Your copy should begin with the line containing "It's Rebels of", end with the line containing "Package contents: 1", match the listing below exactly, and contain no pictures.

MATERIAL SUPPLIED:
● ● ● ● ●
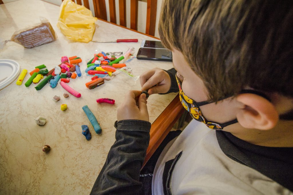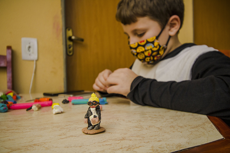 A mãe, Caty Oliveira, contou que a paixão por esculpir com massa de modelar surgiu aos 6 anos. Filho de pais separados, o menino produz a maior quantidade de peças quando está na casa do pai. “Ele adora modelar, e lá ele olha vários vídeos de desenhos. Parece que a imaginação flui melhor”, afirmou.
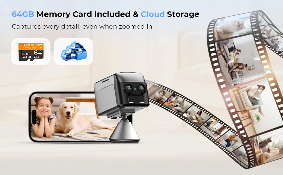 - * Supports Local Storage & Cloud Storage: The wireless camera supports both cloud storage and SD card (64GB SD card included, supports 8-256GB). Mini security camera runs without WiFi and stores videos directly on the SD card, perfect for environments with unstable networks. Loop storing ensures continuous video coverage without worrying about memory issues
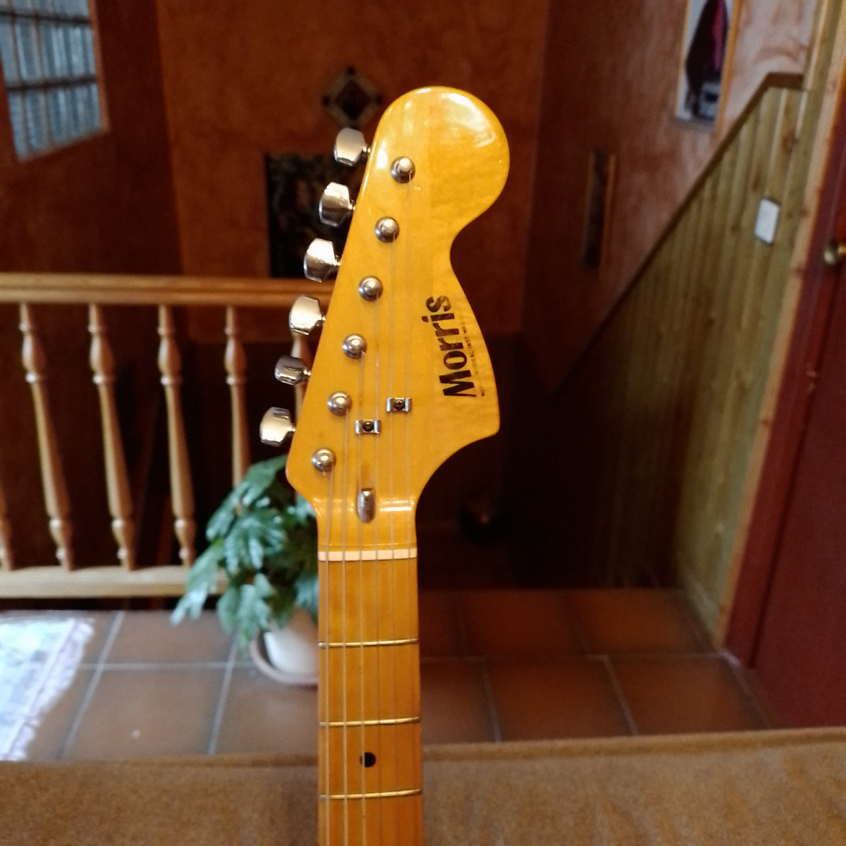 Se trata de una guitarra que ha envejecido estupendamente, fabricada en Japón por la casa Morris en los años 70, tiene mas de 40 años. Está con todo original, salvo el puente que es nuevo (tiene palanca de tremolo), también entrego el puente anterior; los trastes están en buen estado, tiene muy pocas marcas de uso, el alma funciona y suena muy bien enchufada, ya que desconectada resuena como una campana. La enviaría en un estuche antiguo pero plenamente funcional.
● ● ● ● ●
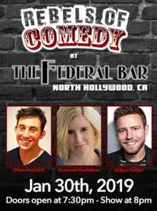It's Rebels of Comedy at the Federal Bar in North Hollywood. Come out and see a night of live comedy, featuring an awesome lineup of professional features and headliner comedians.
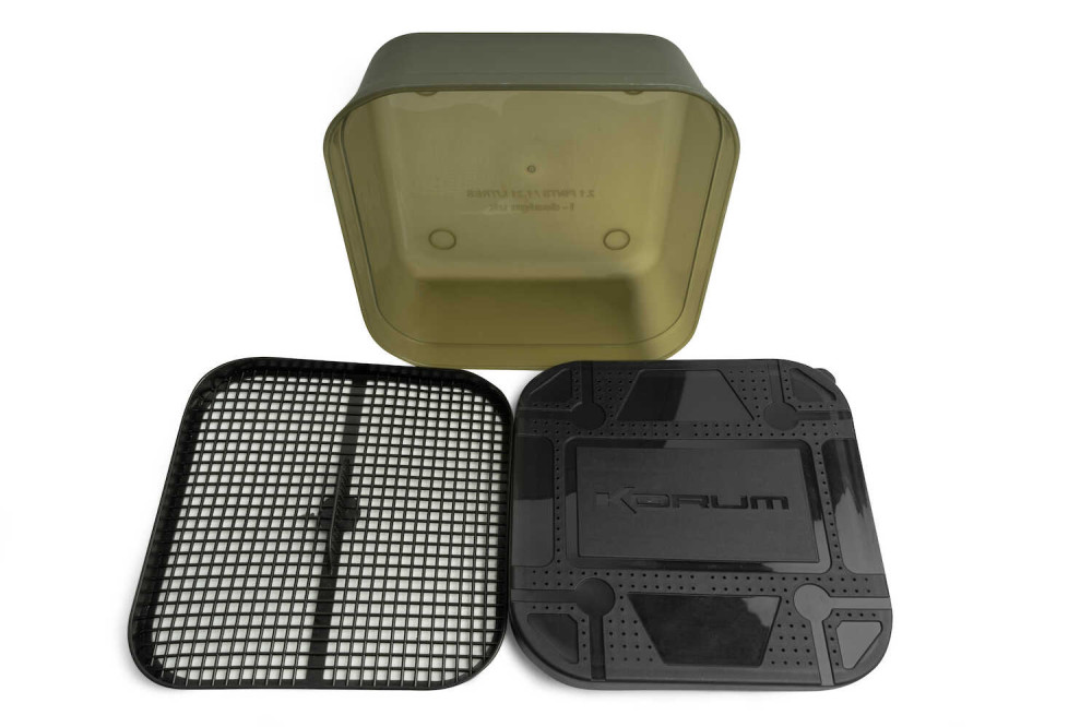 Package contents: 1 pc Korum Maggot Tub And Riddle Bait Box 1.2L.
● ● ● ● ●
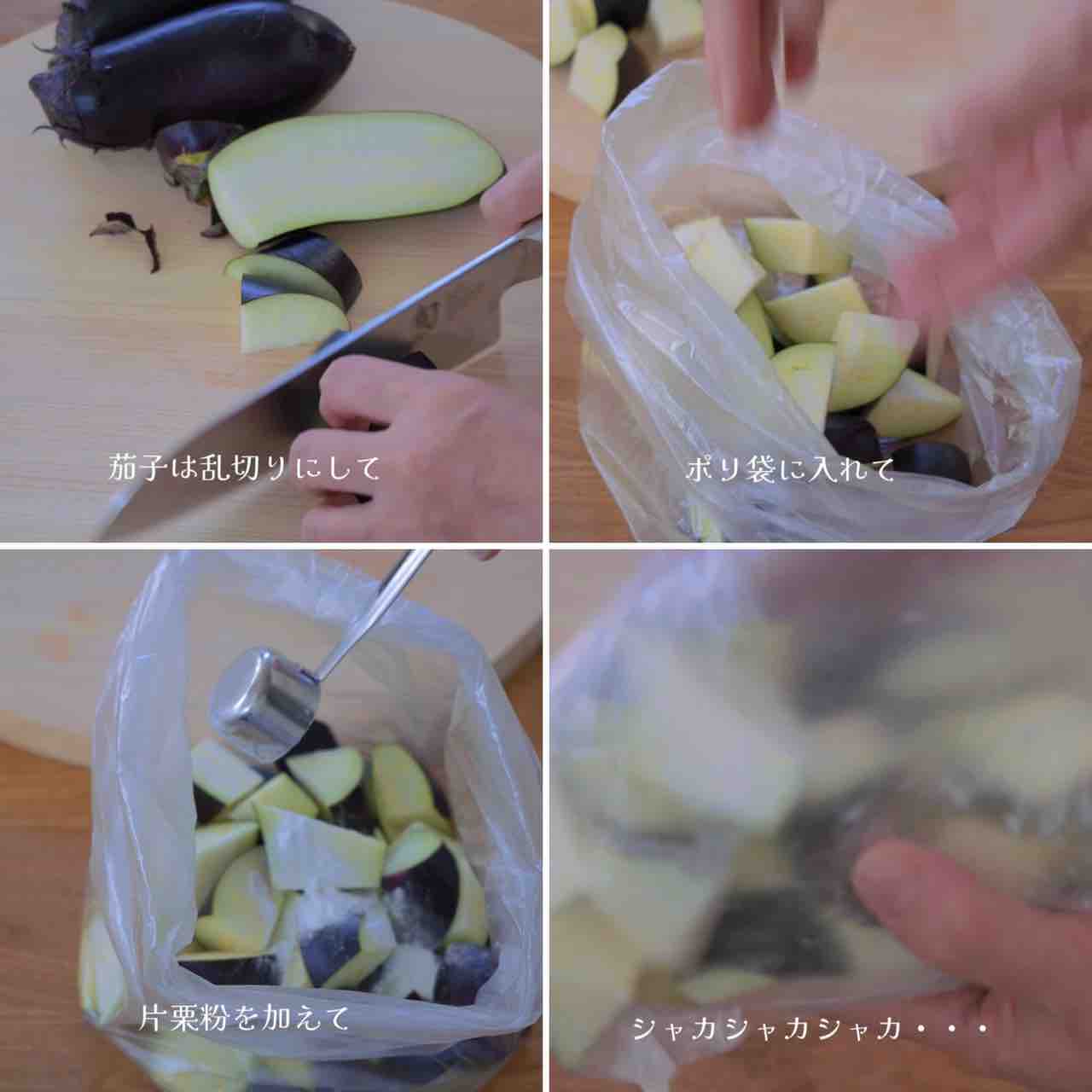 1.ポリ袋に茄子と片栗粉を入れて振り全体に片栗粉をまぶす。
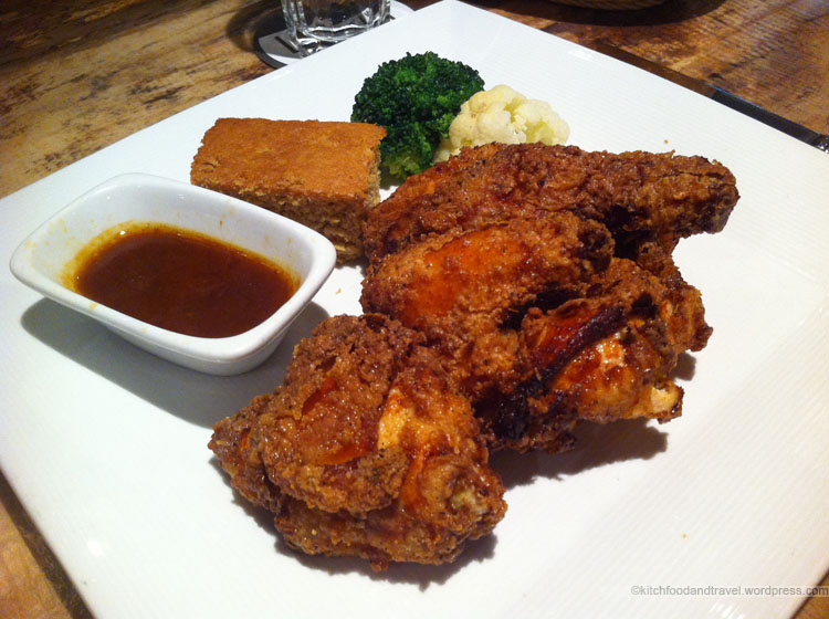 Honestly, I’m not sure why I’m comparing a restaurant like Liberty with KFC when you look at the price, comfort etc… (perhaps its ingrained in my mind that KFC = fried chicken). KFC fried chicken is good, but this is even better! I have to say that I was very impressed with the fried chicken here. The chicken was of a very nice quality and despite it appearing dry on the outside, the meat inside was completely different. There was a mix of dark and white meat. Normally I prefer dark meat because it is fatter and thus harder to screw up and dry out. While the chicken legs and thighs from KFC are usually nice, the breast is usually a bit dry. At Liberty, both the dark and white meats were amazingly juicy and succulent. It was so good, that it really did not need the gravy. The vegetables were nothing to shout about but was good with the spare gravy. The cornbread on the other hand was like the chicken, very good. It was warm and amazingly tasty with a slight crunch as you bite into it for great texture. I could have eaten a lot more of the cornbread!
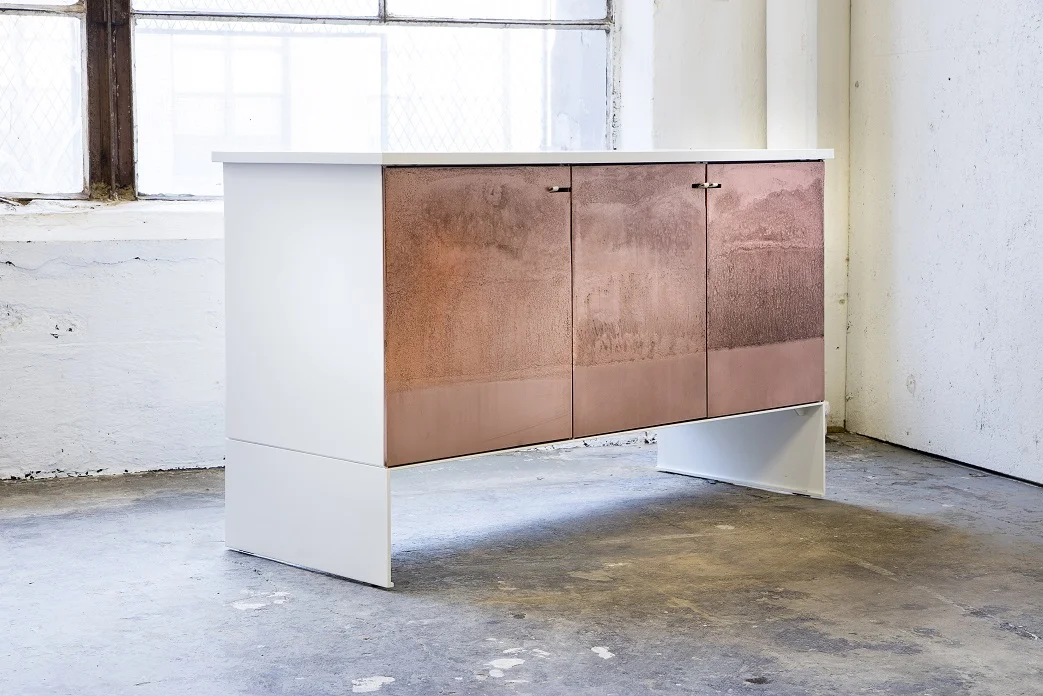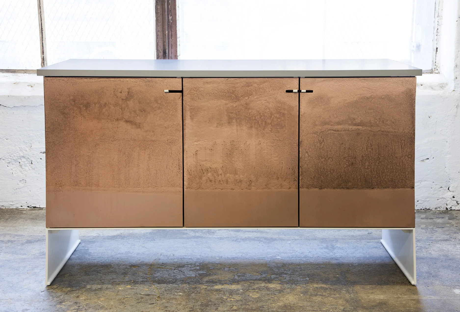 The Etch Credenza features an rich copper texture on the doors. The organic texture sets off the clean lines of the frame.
● ● ● ● ●
TASK OUTPUT:
It's Rebels of Comedy at the Federal Bar in North Hollywood. Come out and see a night of live comedy, featuring an awesome lineup of professional features and headliner comedians.
 Package contents: 1 pc Korum Maggot Tub And Riddle Bait Box 1.2L.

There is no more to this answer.